本來已經幾近麻木了的穴口嫩肉乍然受了這一下,抽搐不已,硬是分泌出一點腸液來保護自己。
任捷嘴巴張著,氣喘不已。受了這樣的刺激,可除了身子抽動了幾下,他已然是做不出什么激烈反應了。
看著仿佛已經不堪蹂躪,如被疾風驟雨打蔫了的花一般癱軟下身體的人,陳頌并沒有像之前一樣,用強硬的手段喚回任捷的神志。
他身體貼近了桌子,握住兩個渾圓腳踝把還在失神的人拽到了桌邊。
解開對方手腕上空著的皮帶,略揉了揉柔白腕間被捆綁出的紅色淤痕后,將任捷修長的雙腿掰開,幾經玩弄的小穴穴口已經足夠松軟。
他抬眼看了下任捷的神情,看對方還未回神,索性再次伸了手指進去,摸到那早就停下振動、重新成為一顆看似無害的金屬球的小玩具,將其摳了出來,扔在桌子上,金屬球滾出了一道水淋淋的印記。
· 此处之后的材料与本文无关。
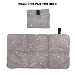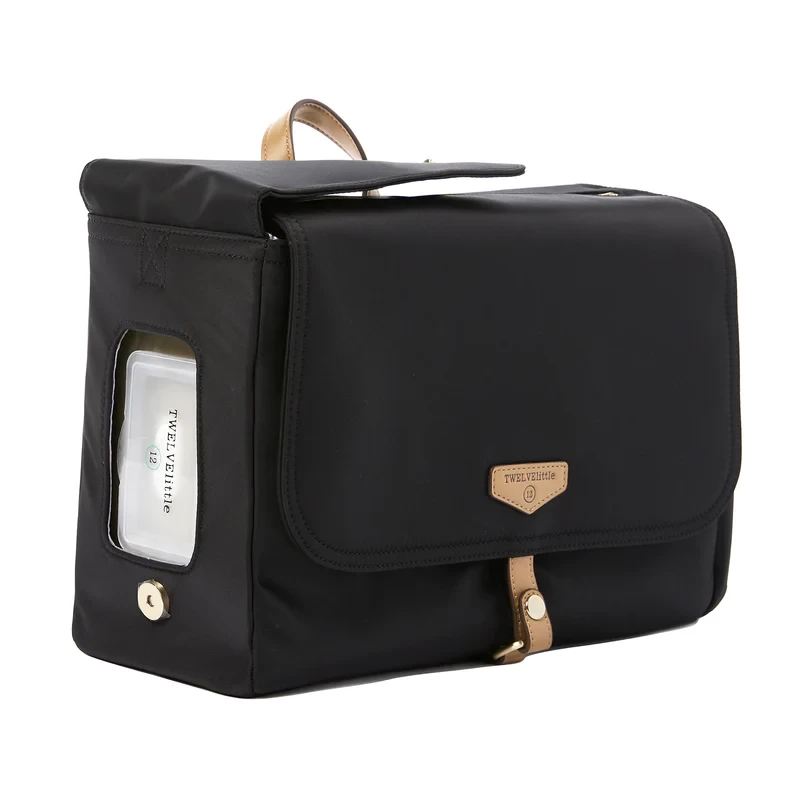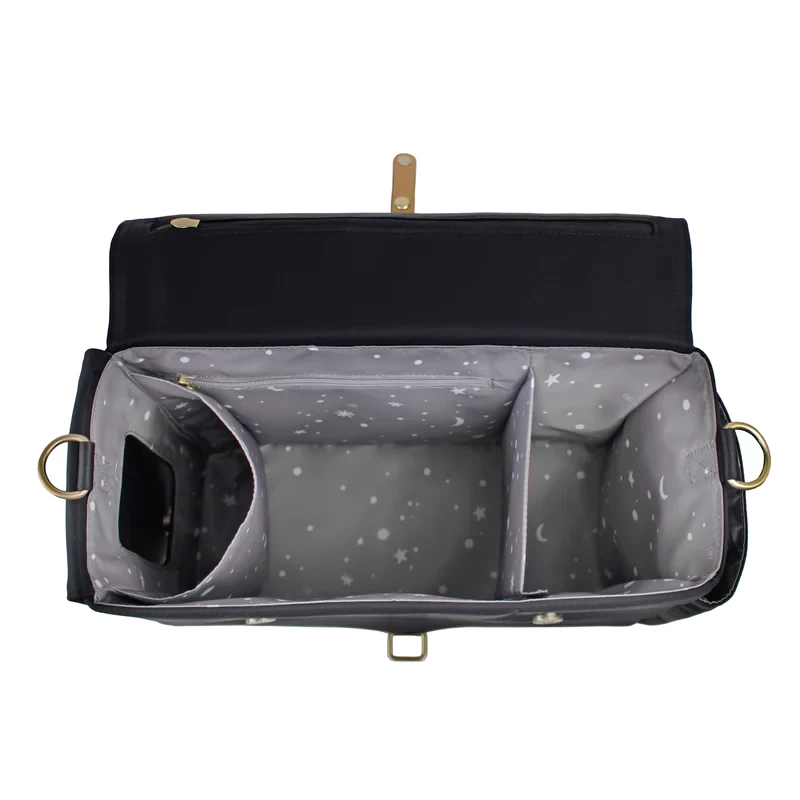 The On-The-Go Stroller Organizer is the perfect hybrid between a traditional stroller caddy and a messenger-style diaper bag. It comes with a set of stroller clips so you can attach it to the stroller bar, and also has a detachable long strap to be carried as a diaper bag. The stroller caddy organizer interior has multiple functions, including a separate area for baby wipes, which is accessible from the outside via a hidden magnetic flap cover, and a compartment divider that can be used to customize the interior space. The main flap has hidden magnetic closures on the front so you can choose to keep the bag open or closed, and an additional snap closure for extra security.

不慌不忙地拉開褲鏈,將對方的雙腿抬起,雙臂穿過兩側腿彎,讓這兩條肌理勻稱的腿架在了自己的手臂上,陳頌雙手握住了任捷的腰部。
遲了好幾年才終于得到的人此刻正乖順地躺在自己身下,縱使并非心甘情愿可看著依然無比誘人。
這樣的認知讓原本游刃有余的陳頌也不禁手心沁出了汗,貼在手下柔韌窄腰的肌膚上,更添一份狎昵。
那個原本驕傲的,仿佛生來就應該站在陽光下發散光芒的人,終于要徹底屬于自己了。
滾燙的硬物抵上微微張合的穴口,即使身體的主人仍在平復,可小穴仿佛已經懂得趨利避害似的,一下一下收縮著,試圖將這猙獰肉棒隔絕在外,不允許其進入其中享受。